> _Task instructions_
Your task is to repeat exactly the lines below between the line holding "ASOS DESIGN 2" and the line holding "Bing erleichtert Ihnen", inclusive, and only those.

> _Exercise data_
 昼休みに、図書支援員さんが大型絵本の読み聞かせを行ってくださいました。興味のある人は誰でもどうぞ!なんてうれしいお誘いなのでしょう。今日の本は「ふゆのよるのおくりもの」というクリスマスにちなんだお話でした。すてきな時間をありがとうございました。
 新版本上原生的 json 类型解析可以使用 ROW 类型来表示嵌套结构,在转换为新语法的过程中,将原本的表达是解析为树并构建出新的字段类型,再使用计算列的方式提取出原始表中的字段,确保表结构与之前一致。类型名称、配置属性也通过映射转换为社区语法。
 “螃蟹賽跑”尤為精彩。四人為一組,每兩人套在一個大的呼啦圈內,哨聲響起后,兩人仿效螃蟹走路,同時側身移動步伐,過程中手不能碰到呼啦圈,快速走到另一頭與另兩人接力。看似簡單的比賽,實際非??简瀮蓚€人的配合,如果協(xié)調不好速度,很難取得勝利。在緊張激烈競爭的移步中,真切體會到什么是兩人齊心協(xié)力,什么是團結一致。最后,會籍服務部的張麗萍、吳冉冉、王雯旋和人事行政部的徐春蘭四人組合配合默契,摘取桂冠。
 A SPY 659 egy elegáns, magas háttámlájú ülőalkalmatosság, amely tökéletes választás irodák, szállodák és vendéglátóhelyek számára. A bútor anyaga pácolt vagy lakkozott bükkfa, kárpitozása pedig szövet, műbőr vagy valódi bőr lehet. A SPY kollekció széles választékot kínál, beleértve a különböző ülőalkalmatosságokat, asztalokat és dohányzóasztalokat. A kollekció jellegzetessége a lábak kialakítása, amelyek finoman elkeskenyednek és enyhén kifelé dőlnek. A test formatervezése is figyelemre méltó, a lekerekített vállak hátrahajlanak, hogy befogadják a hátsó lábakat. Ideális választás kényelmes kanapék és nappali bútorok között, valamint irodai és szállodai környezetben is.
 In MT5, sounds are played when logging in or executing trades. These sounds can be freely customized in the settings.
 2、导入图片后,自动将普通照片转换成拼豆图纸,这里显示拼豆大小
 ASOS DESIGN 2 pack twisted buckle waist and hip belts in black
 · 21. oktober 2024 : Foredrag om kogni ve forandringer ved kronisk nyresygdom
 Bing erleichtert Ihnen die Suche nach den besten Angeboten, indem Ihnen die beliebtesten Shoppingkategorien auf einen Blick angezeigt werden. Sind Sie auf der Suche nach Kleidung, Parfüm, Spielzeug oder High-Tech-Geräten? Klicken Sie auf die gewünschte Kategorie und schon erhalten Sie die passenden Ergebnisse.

--

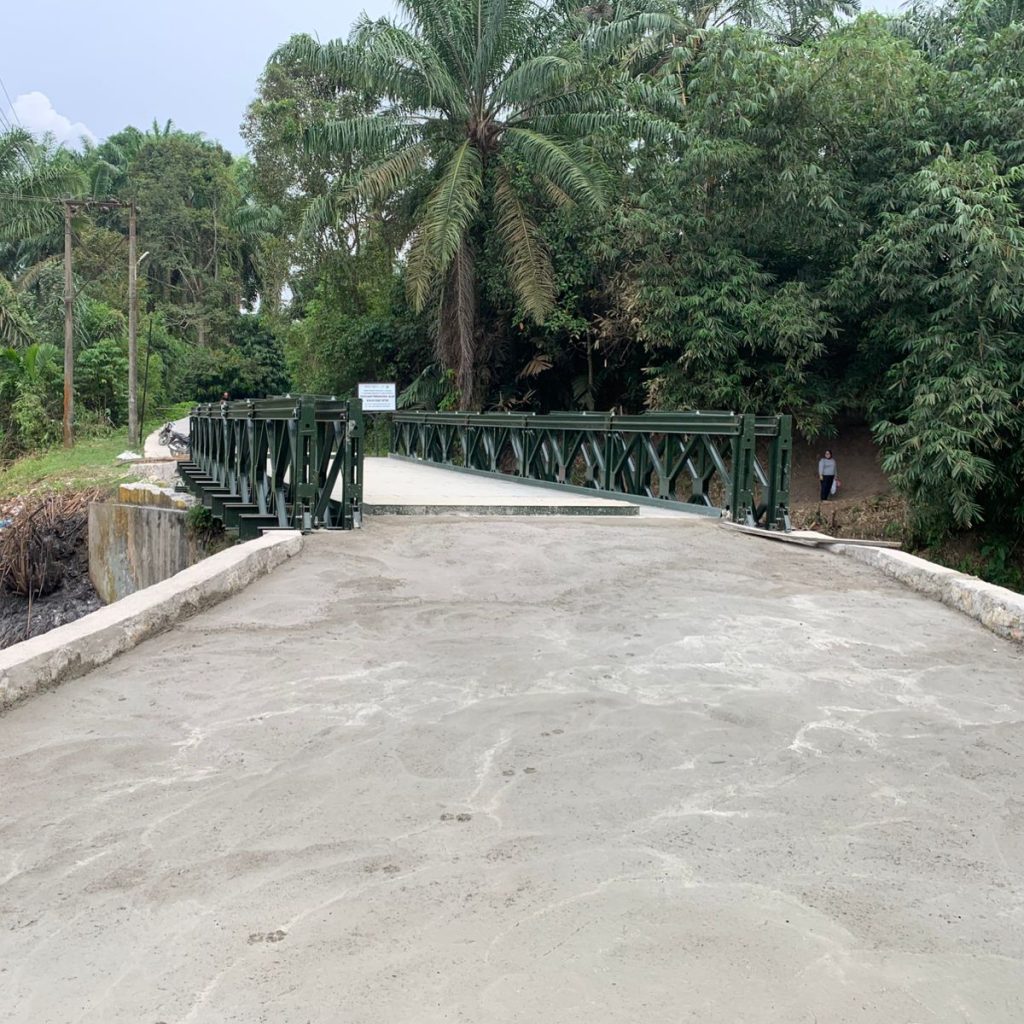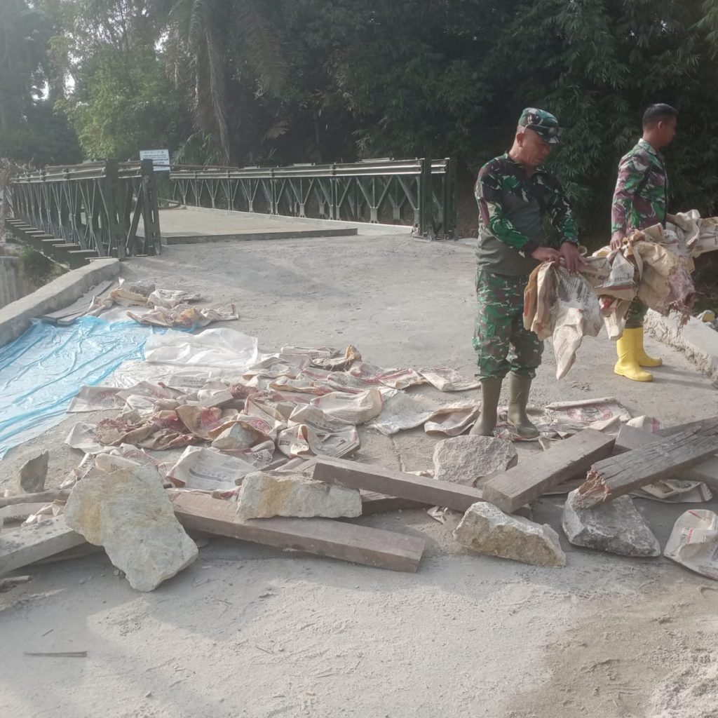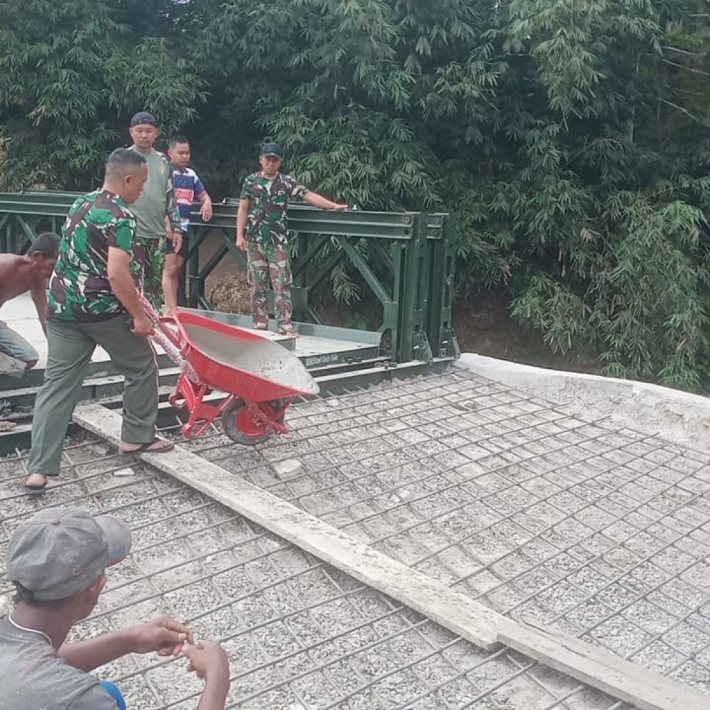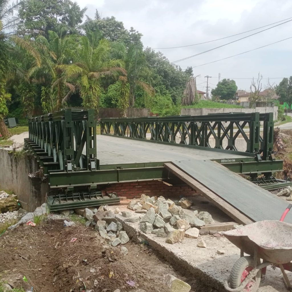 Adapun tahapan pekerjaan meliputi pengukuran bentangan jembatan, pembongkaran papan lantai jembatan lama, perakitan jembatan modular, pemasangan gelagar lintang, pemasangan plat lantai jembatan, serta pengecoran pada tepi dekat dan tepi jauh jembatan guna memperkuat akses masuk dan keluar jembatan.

> _Response below_
 ASOS DESIGN 2 pack twisted buckle waist and hip belts in black
 · 21. oktober 2024 : Foredrag om kogni ve forandringer ved kronisk nyresygdom
 Bing erleichtert Ihnen die Suche nach den besten Angeboten, indem Ihnen die beliebtesten Shoppingkategorien auf einen Blick angezeigt werden. Sind Sie auf der Suche nach Kleidung, Parfüm, Spielzeug oder High-Tech-Geräten? Klicken Sie auf die gewünschte Kategorie und schon erhalten Sie die passenden Ergebnisse.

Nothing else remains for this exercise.